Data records
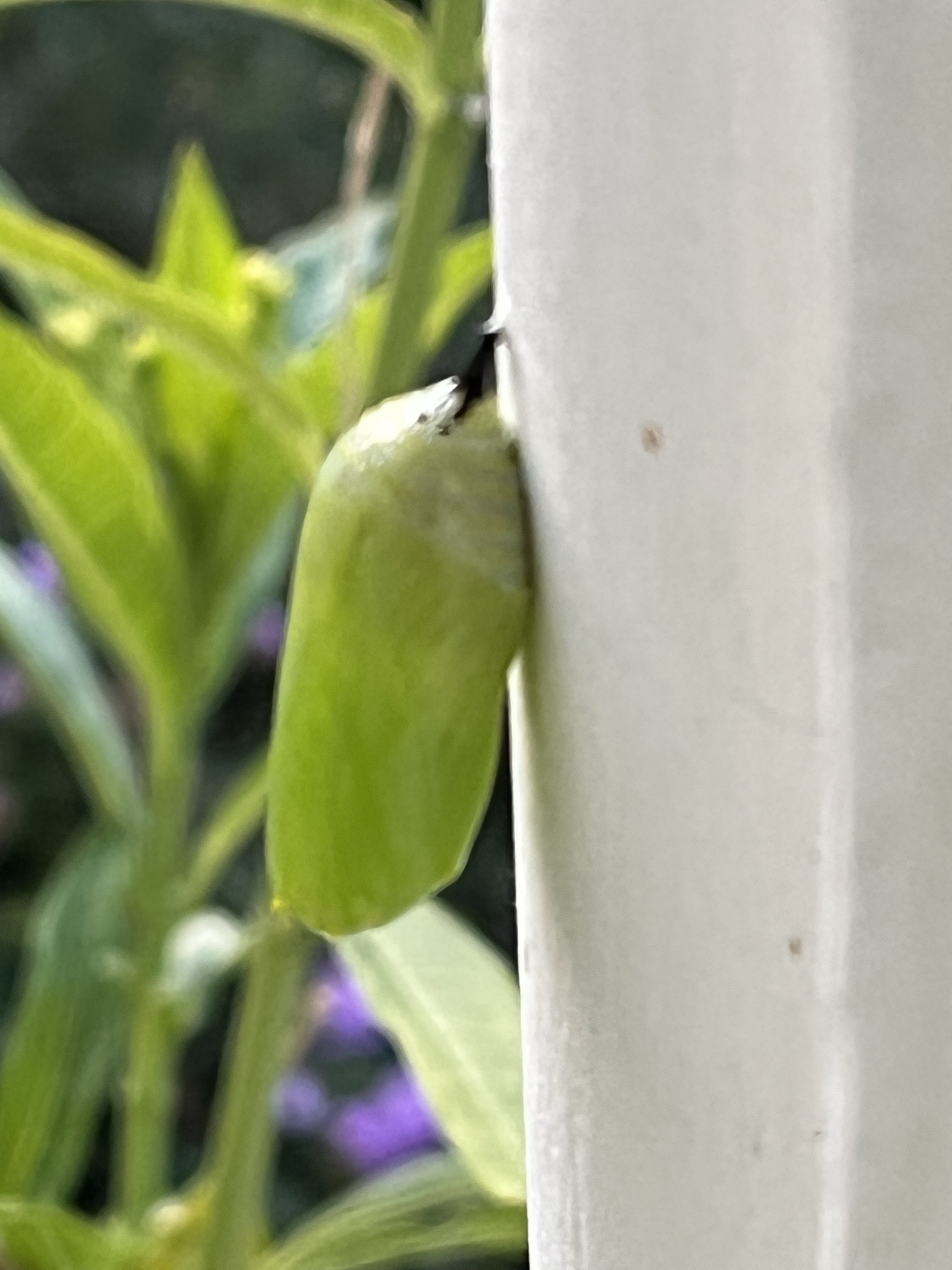 This photo is not in proper focus. But I wanted to capture that in less than three hours it went from caterpillar to chrysalis.
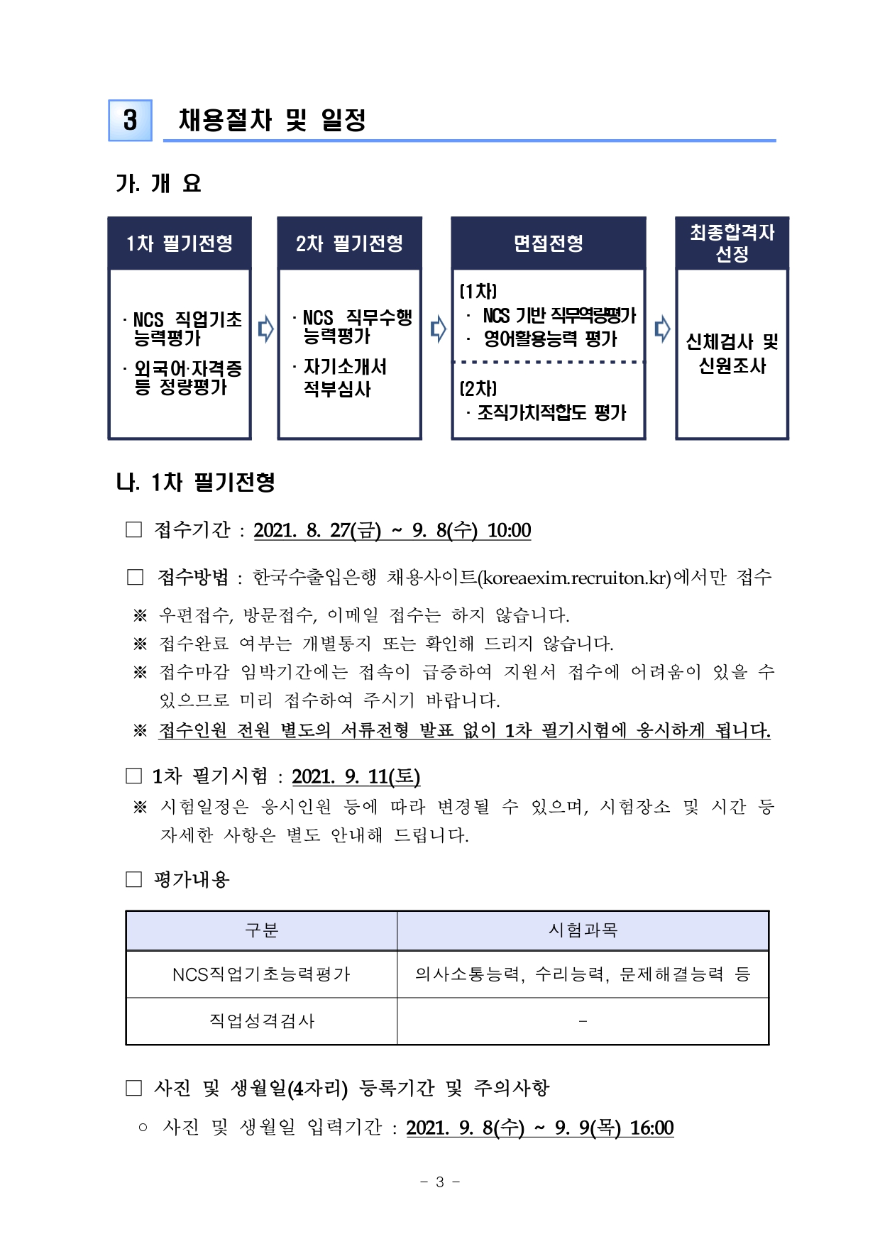 * 단, 지역전문가 전형으로 지원시 경영·경제 분야로 필기시험 응시
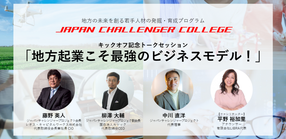 「JAPAN CHALLENGER COLLEGE」の開催に先駆けて、「地方起業こそ最強のビジネスモデルだ!」をテーマにしたオンライントークセッションを開催します。起業や新規事業に取り組まれている方にとっては、新しい事業のヒントや取り組み方が、これから挑戦しようとしている方にとっては、新しい一歩を踏み出すキッカケになるかもしれません。地方を盛り上げたい!新しいことにチャレンジしたい!そんな想いを持った方は必見なプログラムです!
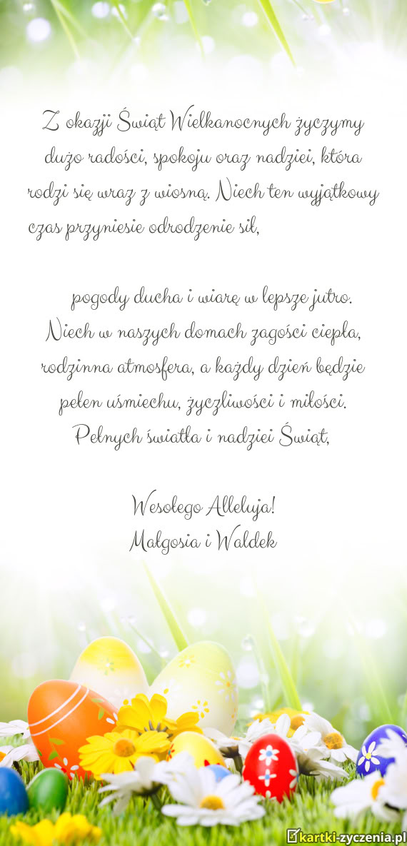Z okazji Świąt Wielkanocnych życzymy dużo radości, spokoju oraz nadziei, która rodzi się wraz z wiosną. Niech ten wyjątkowy czas przyniesie odrodzenie sił, pogody ducha i wiarę w lepsze jutro.
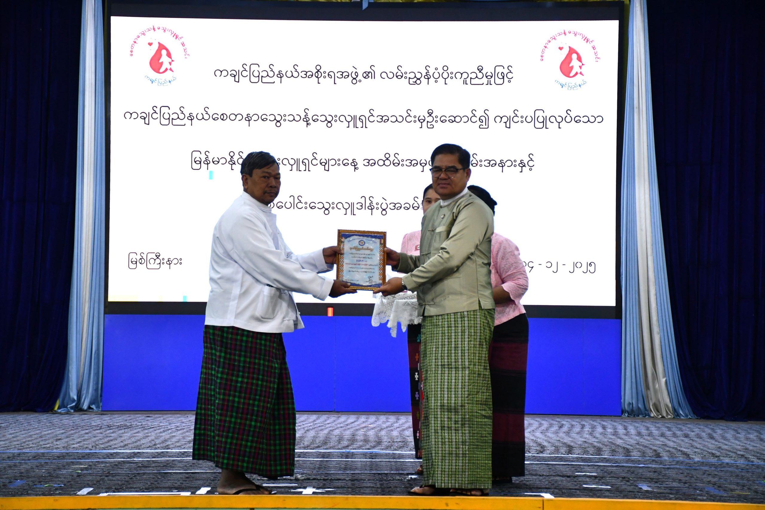 ဆက်လက်၍ ပြည်နယ်ဝန်ကြီးချုပ်နှင့် ဇနီး၊ ပြည်နယ်တရားလွှတ်တော်တရားသူကြီးချုပ်၊ ပြည်နယ်အစိုးရအဖွဲ့ဝင် ဝန်ကြီးများက စေတနာသွေးသန့်သွေးလှူရှင် အကြိမ်(၁၀၀)နှင့်အထက် သွေးလှူရှင် (၄) ဦးအပါအဝင် အကြိမ် (၄၀)နှင့်အထက် သွေးလှူရှင် (၈)ဦးနှင့် (၁၀)ကြိမ်နှင့်အထက် သွေးလှူရှင်များအားဂုဏ်ပြုမှတ်တမ်းလွှာ၊ ဂုဏ်ပြုချီးမြှင့်ငွေများနှင့် အမှတ်တရဂုဏ်ပြုလက်ဆောင်များကို အသီးသီးပေးအပ်ချီးမြှင့်ခဲ့ကြသည်။
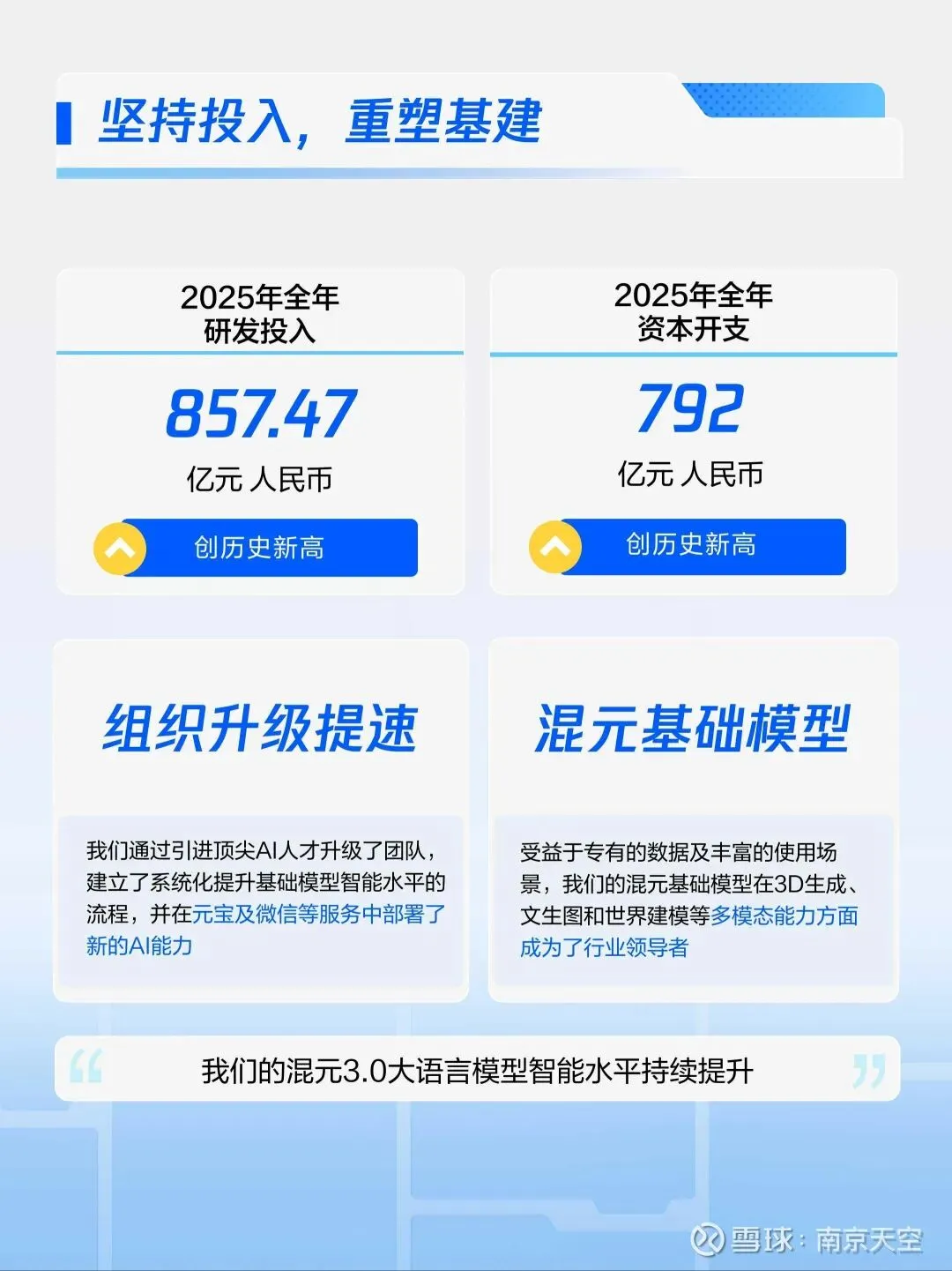 1、2025年,腾讯做出了一个极为清晰的决定:将AI提升为“唯一仍在‘提前烧钱’的战略”,并计划在2026年将约10%的收入(800-1000亿元)投入其中,甚至可能动态调整股东回报(如回购)以倾斜资源。公司进行了组织架构调整,合并了AI大模型和产品部门,以提升执行效率。这标志着AI从赋能工具升级为决定未来十年的核心赌注。
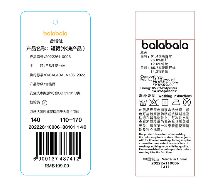 【商场同款】巴拉巴拉童装儿童短裙女童2026夏装新款牛仔裙裤凉感
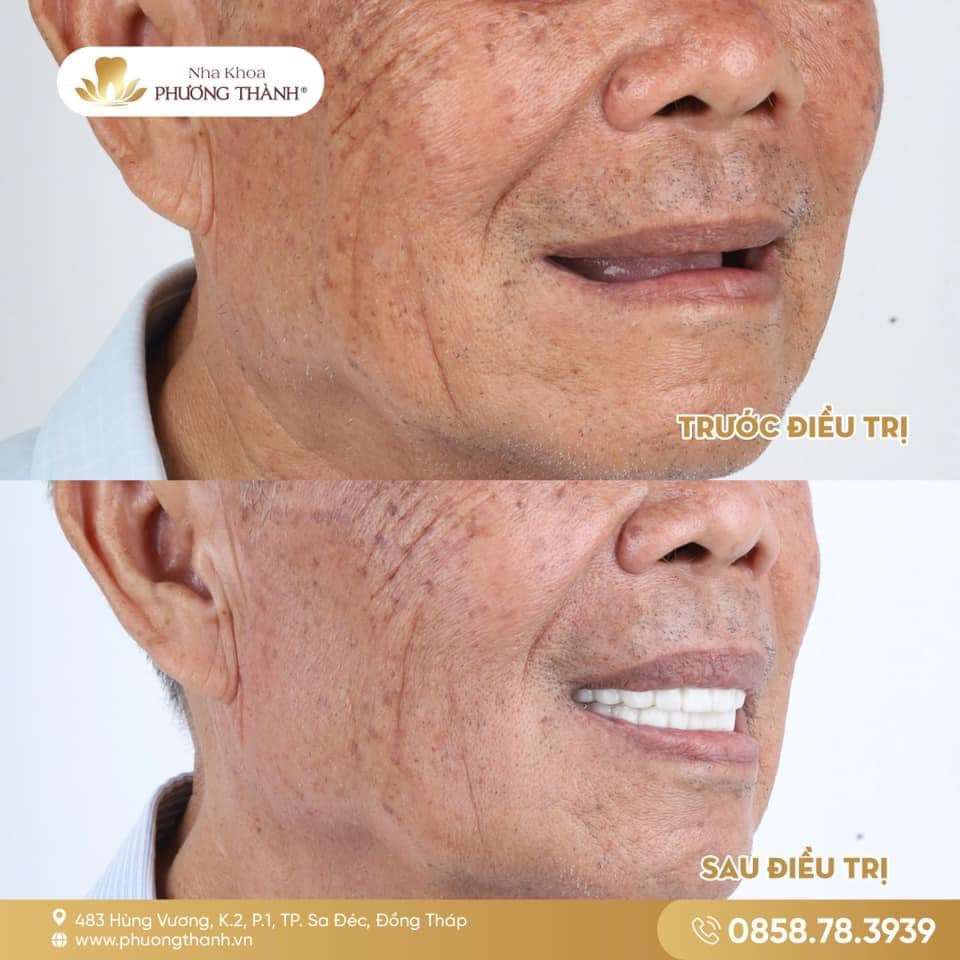 Ca điều trị được thực hiện theo kế hoạch bởi đội ngũ bác sĩ phẫu thuật và phục hình tại Nha khoa Phương Thành. Sau phẫu thuật, khách hàng được gắn hàm tạm tức thì trên Implant, từ đó hỗ trợ sinh hoạt, giao tiếp và thích nghi tốt hơn trong giai đoạn đầu sau điều trị.
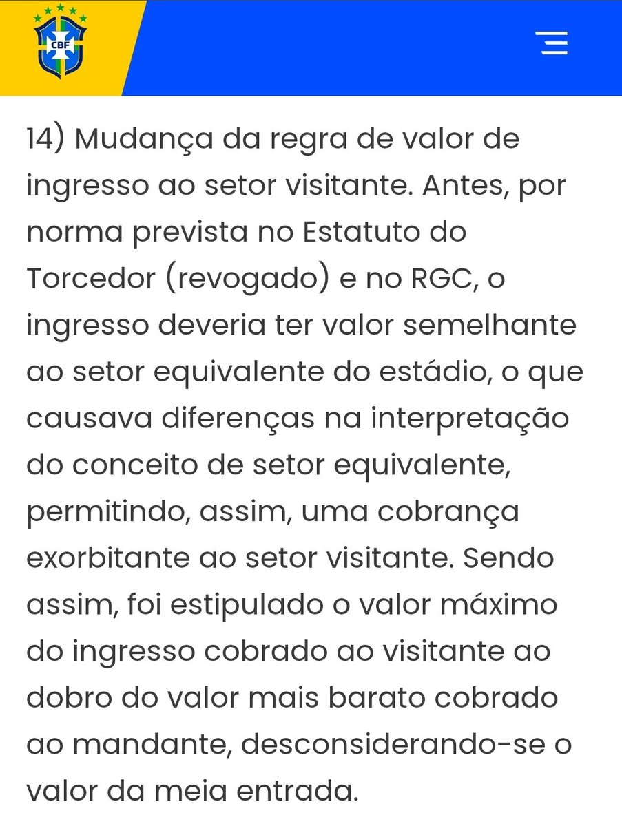 Mais do que certo a CBF regulamentar isso de uma forma objetiva, pois a regra anterior dava brechas para valores muito fora do padrão do estádio em jogos de maior apelo.

> [TASK PROMPT]: Your answer must be an exact copy of every entry, with the pictures left out.

> [OUTPUT OF THE TASK]:
 This photo is not in proper focus. But I wanted to capture that in less than three hours it went from caterpillar to chrysalis.
 * 단, 지역전문가 전형으로 지원시 경영·경제 분야로 필기시험 응시
 「JAPAN CHALLENGER COLLEGE」の開催に先駆けて、「地方起業こそ最強のビジネスモデルだ!」をテーマにしたオンライントークセッションを開催します。起業や新規事業に取り組まれている方にとっては、新しい事業のヒントや取り組み方が、これから挑戦しようとしている方にとっては、新しい一歩を踏み出すキッカケになるかもしれません。地方を盛り上げたい!新しいことにチャレンジしたい!そんな想いを持った方は必見なプログラムです!
Z okazji Świąt Wielkanocnych życzymy dużo radości, spokoju oraz nadziei, która rodzi się wraz z wiosną. Niech ten wyjątkowy czas przyniesie odrodzenie sił, pogody ducha i wiarę w lepsze jutro.
 ဆက်လက်၍ ပြည်နယ်ဝန်ကြီးချုပ်နှင့် ဇနီး၊ ပြည်နယ်တရားလွှတ်တော်တရားသူကြီးချုပ်၊ ပြည်နယ်အစိုးရအဖွဲ့ဝင် ဝန်ကြီးများက စေတနာသွေးသန့်သွေးလှူရှင် အကြိမ်(၁၀၀)နှင့်အထက် သွေးလှူရှင် (၄) ဦးအပါအဝင် အကြိမ် (၄၀)နှင့်အထက် သွေးလှူရှင် (၈)ဦးနှင့် (၁၀)ကြိမ်နှင့်အထက် သွေးလှူရှင်များအားဂုဏ်ပြုမှတ်တမ်းလွှာ၊ ဂုဏ်ပြုချီးမြှင့်ငွေများနှင့် အမှတ်တရဂုဏ်ပြုလက်ဆောင်များကို အသီးသီးပေးအပ်ချီးမြှင့်ခဲ့ကြသည်။
 1、2025年,腾讯做出了一个极为清晰的决定:将AI提升为“唯一仍在‘提前烧钱’的战略”,并计划在2026年将约10%的收入(800-1000亿元)投入其中,甚至可能动态调整股东回报(如回购)以倾斜资源。公司进行了组织架构调整,合并了AI大模型和产品部门,以提升执行效率。这标志着AI从赋能工具升级为决定未来十年的核心赌注。
 【商场同款】巴拉巴拉童装儿童短裙女童2026夏装新款牛仔裙裤凉感
 Ca điều trị được thực hiện theo kế hoạch bởi đội ngũ bác sĩ phẫu thuật và phục hình tại Nha khoa Phương Thành. Sau phẫu thuật, khách hàng được gắn hàm tạm tức thì trên Implant, từ đó hỗ trợ sinh hoạt, giao tiếp và thích nghi tốt hơn trong giai đoạn đầu sau điều trị.
 Mais do que certo a CBF regulamentar isso de uma forma objetiva, pois a regra anterior dava brechas para valores muito fora do padrão do estádio em jogos de maior apelo.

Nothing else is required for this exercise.